EXTRACTED DATA
==*==
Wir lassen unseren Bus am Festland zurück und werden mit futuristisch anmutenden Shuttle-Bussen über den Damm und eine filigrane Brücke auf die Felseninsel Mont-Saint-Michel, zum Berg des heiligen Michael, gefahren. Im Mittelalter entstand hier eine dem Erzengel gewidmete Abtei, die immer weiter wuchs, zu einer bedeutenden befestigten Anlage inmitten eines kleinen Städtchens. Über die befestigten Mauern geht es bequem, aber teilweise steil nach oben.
==*==
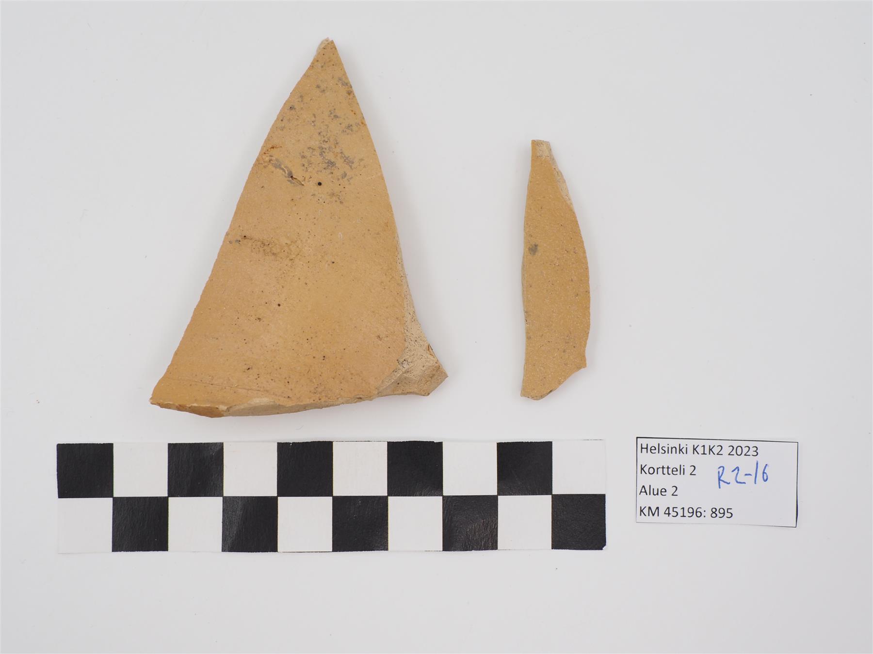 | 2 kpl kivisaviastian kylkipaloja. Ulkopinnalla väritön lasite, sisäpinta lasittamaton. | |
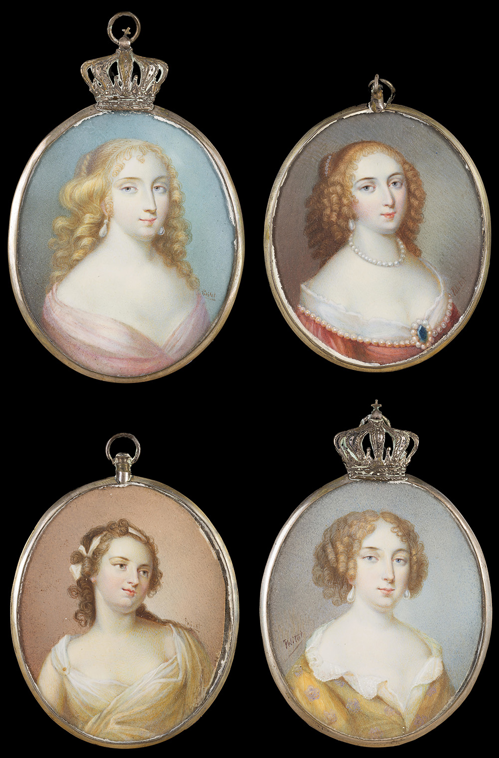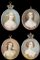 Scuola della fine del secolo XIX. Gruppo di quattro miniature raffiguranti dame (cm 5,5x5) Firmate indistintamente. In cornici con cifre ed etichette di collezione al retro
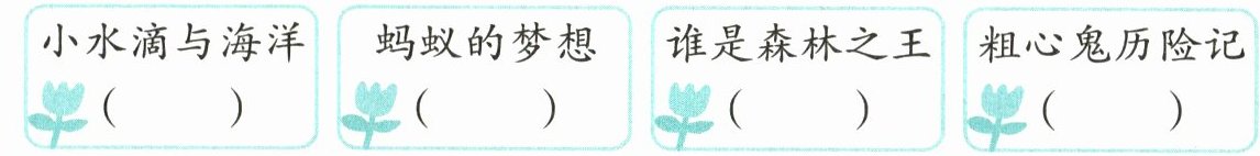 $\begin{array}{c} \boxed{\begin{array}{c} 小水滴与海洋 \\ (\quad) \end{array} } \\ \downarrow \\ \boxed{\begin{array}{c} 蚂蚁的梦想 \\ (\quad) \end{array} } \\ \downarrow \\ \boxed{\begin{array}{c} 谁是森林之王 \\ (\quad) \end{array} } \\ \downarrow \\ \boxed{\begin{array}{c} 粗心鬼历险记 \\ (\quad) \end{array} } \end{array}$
==*==
Everything from the line above that contains "lasittamaton. | |" down to the line that contains "小水滴与海洋 \\ (\quad)" must be reproduced exactly, both ends included. Omit the pictures.

 | 2 kpl kivisaviastian kylkipaloja. Ulkopinnalla väritön lasite, sisäpinta lasittamaton. | |
 Scuola della fine del secolo XIX. Gruppo di quattro miniature raffiguranti dame (cm 5,5x5) Firmate indistintamente. In cornici con cifre ed etichette di collezione al retro
 $\begin{array}{c} \boxed{\begin{array}{c} 小水滴与海洋 \\ (\quad) \end{array} } \\ \downarrow \\ \boxed{\begin{array}{c} 蚂蚁的梦想 \\ (\quad) \end{array} } \\ \downarrow \\ \boxed{\begin{array}{c} 谁是森林之王 \\ (\quad) \end{array} } \\ \downarrow \\ \boxed{\begin{array}{c} 粗心鬼历险记 \\ (\quad) \end{array} } \end{array}$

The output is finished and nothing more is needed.